Speaker
Summary
As the LHC luminosity is ramped up to the SLHC Phase I level and beyond, the high rates, multiplicities, and energies of particles seen by the detectors will pose a unique challenge. Only a tiny fraction of the produced collisions can be stored on tape and immense real-time data reduction is needed. An effective trigger system must maintain high trigger efficiencies for the physics we are most interested in, and at the same time suppress the enormous QCD backgrounds. This requires massive computing power to minimize the online execution time of complex algorithms. A multi-level trigger is an effective solution for an otherwise impossible problem. The Fast Tracker (FTK), is a proposed upgrade to the current ATLAS trigger system that will operate at full Level-1 output rates and provide high quality tracks reconstructed over the entire detector by the start of processing in Level-2. FTK solves the combinatorial challenge inherent to tracking by exploiting massive parallelism of associative memories that can compare inner detector hits to millions of pre-calculated patterns simultaneously. The tracking problem within matched patterns is further simplified by using pre-computed linearized fitting constants and leveraging fast DSPs in modern commercial FPGAs. Overall, FTK is able to compute the helix parameters for all tracks in an event and apply quality cuts in less than 100 microseconds.

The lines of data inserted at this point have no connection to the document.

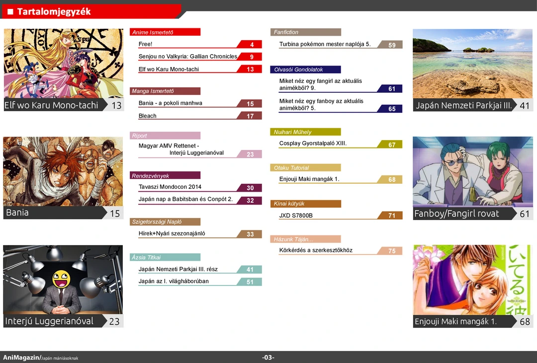 Valkyria Chronicles és Elf wo Karu Monotachi ismertető, interjú Luggerianóval a Magyar AMV Rettenetről, Japán az I. világháborúban, Mondocon beszámoló, fangirl&fanboy rovat a nyári szezon pár animéjéről, Enjouji Maki erotikus josei mangái és rengeteg más szuper cikk várja olvasóit az ingyenes online AniMagazin legújabb számában!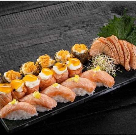 8 jhou de salmão maçaricado 6 niguiri de salmão maçaricado 5 sashimi de salmão maçaricado sem alterações !!! Deixe sua avaliação no Ifood sobre esse pedido, sua avaliação 5 estrelas vai nos ajudar bastante ;)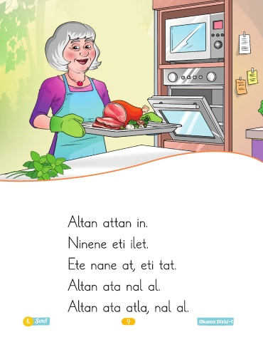 Altan attan in. Ninene eti ilet. Ete nane at, eti tat. Altan ata nal al. Altan ata atla, nal al. 1. Sınıf 9 Okuma Dizisi-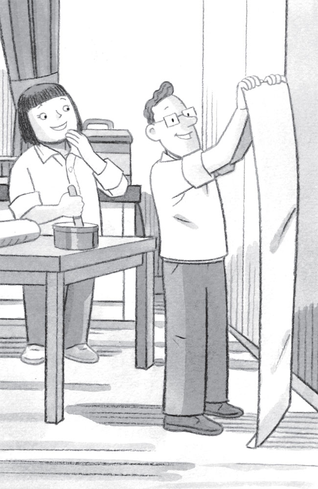 It was Saturday morning, and Mr and Mrs Lambchop were putting up wallpaper in the kitchen.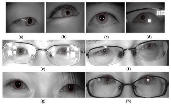 Inner and outer boundaries of iris localization by improved operators under non-cooperative environments [22]. (a) Off-angle iris; (b) iris obscured by eyelids; (c) iris interfered with by eyelashes; (d,e) iris with specular reflection; (f) off-angle iris at a long distance; (g) iris obstruction due to hair; (h) glasses obstructing the iris [22].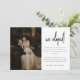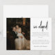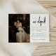 Anúncio de Casamento Fuga com Foto de Roteiro Minimalista. Adicione sua foto de casamento favorita no lado esquerdo do cartão e sua mensagem de fuga para amigos e familiares no lado direito. Personalize ainda mais com suas iniciais no verso.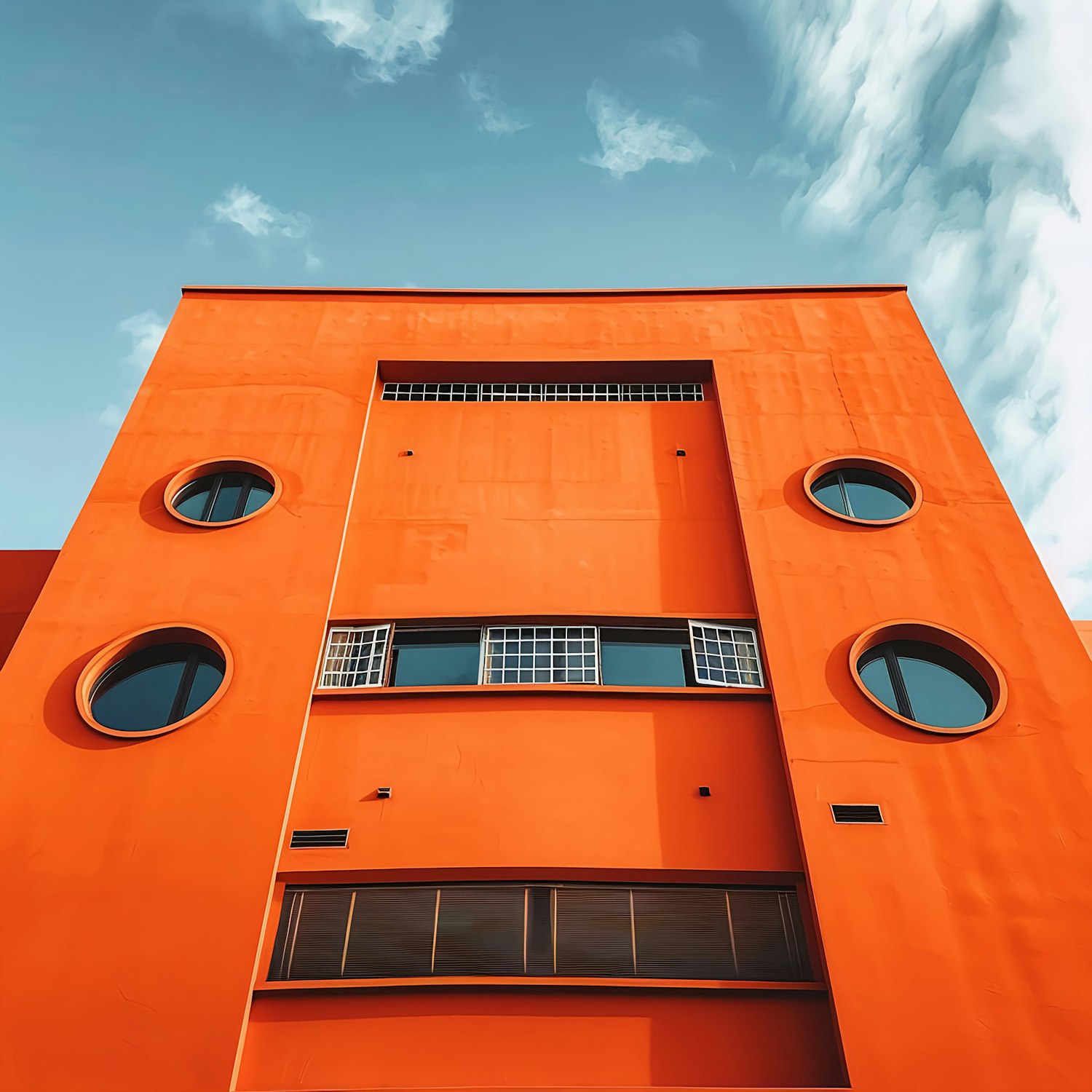 Vibrant orange building with circular windows against a clear blue sky, showcasing modern architectural design.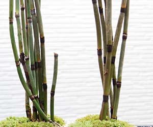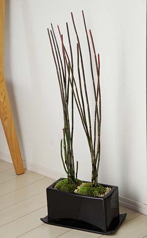 トクサは成長期に上へ上へと伸びて行きます。その姿はとても凛々しく見えます落ち着きあるモダンな黒陶器であわせてみました。その姿はとても凛々しく見えます。硬い茎は昔、木工品を磨く材料に使われていたそうです。育て方のしおり、約1年分の肥料がついています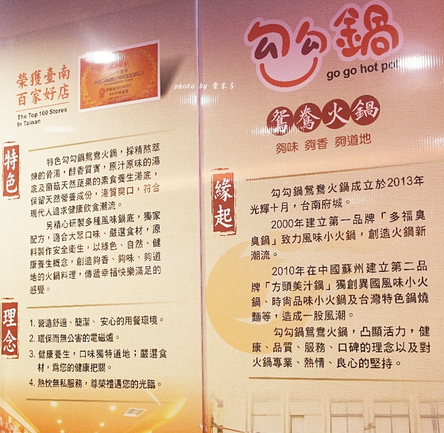 店的牆面上可以看到這家"勾勾鍋"的成立之始是在2年前,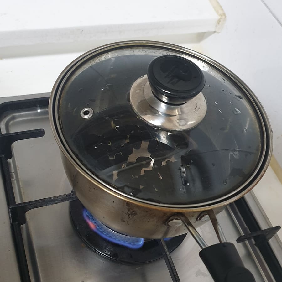 Step2 - 깨끗이 씻은 서리태 콩에 물 2컵(종이컵 크기)을 붓고 강불로 약 3분간 끓여요.
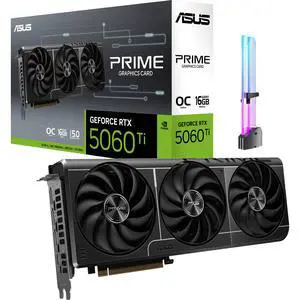 ASUS Prime GeForce RTX 5060 Ti OC 16GB GDDR7 Graphics Card, PCIe 5.0, Triple Axial-tech Fans, SFF-Ready 2.5-Slot, 1x HDMI 2.1b, 3x DP 2.1b, Includes GPU Holder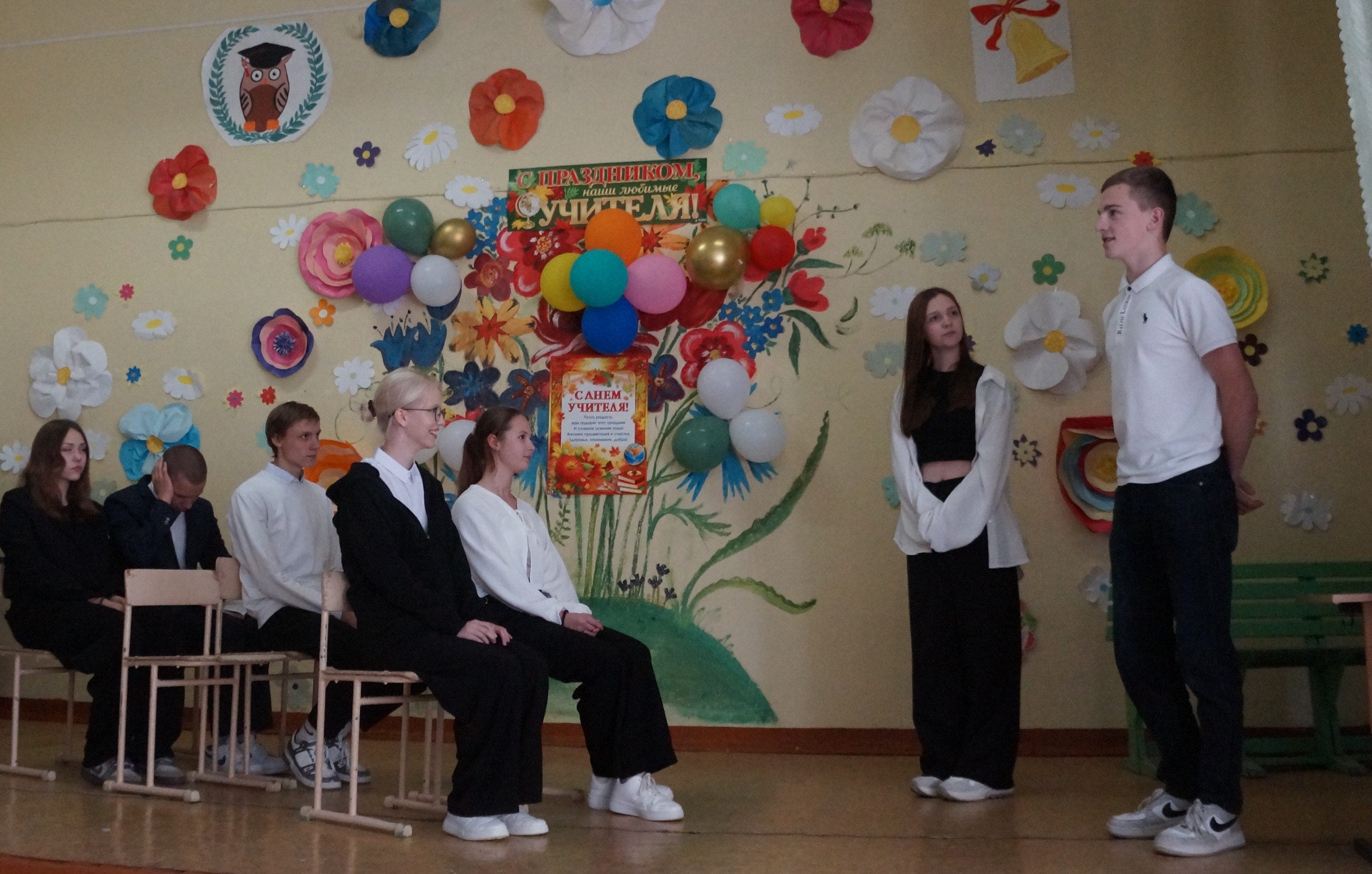 4 октября 2025. Юные артисты школьного театра приняли самое активное участие в праздничном концерте, посвященном Дню учителя. Ребята подготовили несколько номеров - сценки «Молодой учитель», «Телепатия», «Веселые уроки», продемонстрировав свой артистизм и умение перевоплощаться. Для многих выступление на сцене было дебютным. Дебютными стали и выступления в роли конферансье шестиклассников Миши Шкобина, Паши Петрова, Акима Кузюра и Миши Сердюцкого. Концертная программа получилась яркой, душевной, насыщенной творчеством, наполненной любовью и искренним уважением к героям праздника - учителям. Подробнее https://vk.com/wall-218961202_40

The system design is defined and studied with respect to high-PT Level-2 objects: b-jets, tau-jets, and isolated leptons. We test FTK algorithms using ATLAS full simulation with WH events up to the Phase I luminosity and beyond, comparing FTK results with the offline tracking capability. We present the architecture and the reconstruction performance for the mentioned high-PT Level-2 objects.
The most interesting processes at hadron colliders are very rare and hidden in an extremely high level of background. Implementing the most powerful selections in real time is therefore essential to fully exploit the physics potential of experiments where only a very limited fraction of the produced data can be stored on tape. Enormous real-time data reduction must be realized.
Real time track reconstruction can be an important element in triggering at CERN’s Large Hadron Collider (LHC), and even more so after the Super LHC (SLHC) luminosity upgrade. There are numerous examples of the importance of tracking in the trigger. The source of electroweak symmetry breaking couples in proportion to mass. Thus heavy fermions are likely in the final state, in particular b quarks and tau leptons.
High trigger efficiency for these processes requires sensitivity to the generic hadronic decays of the heavy fermions. The challenge comes from the enormous background from QCD produced light quark and gluon jets, which can be suppressed using tracking. Tracks coming from a secondary vertex or not pointing to the beam line identify b quark jets, while tau jets can be separated from background using the number of tracks within a narrow “signal cone” and the number in a larger “isolation region”.
Electron and muon triggers can also be improved at high luminosity using track information. Traditionally background is suppressed by applying an isolation requirement using the calorimeters. At SLHC luminosity the energy added by the 75 additional collisions results in either decreased lepton efficiency or increased background contamination. The effect can be greatly ameliorated with a track-based isolation only using tracks pointing to the lepton candidate at the beam line.
The Fast TracKer (FTK) [1] will enable early rejection of background events and thus leave more execution time for sophisticated algorithms by moving track reconstruction into a hardware system with massively parallel processing [2] that produces global track reconstruction with near offline resolution.
For the first time FTK performance is estimated with the expected pile-up at 3×10^34 cm^−2 s^−1 luminosity consisting on average of 75 minimum bias interaction. Resolution and efficiency for individual tracks and identification capabilities for physics objects, together with timing performance, are presented. We present results obtained with a full simulation of the associate production of the W and the Higgs bosons.
This channel contains all the signatures we are interested in: bjets, taus and muons.
[1] A. Andreani et al., The FastTracker Real Time Processor and Its Impact on Muon Isolation, Tau and b-Jet Online Selections at ATLAS, Conference Record 17th IEEE NPSS Real Time Conference Record of the 17th Real Time Conference, Lisbon, Portugal, 24 - 28 May 2010.
[2] A. Annovi et al., “A VLSI Processor for Fast Track Finding Based on Content Addressable Memories “, IEEE Trans. Nucl. Sci. 53, 2428 (2006)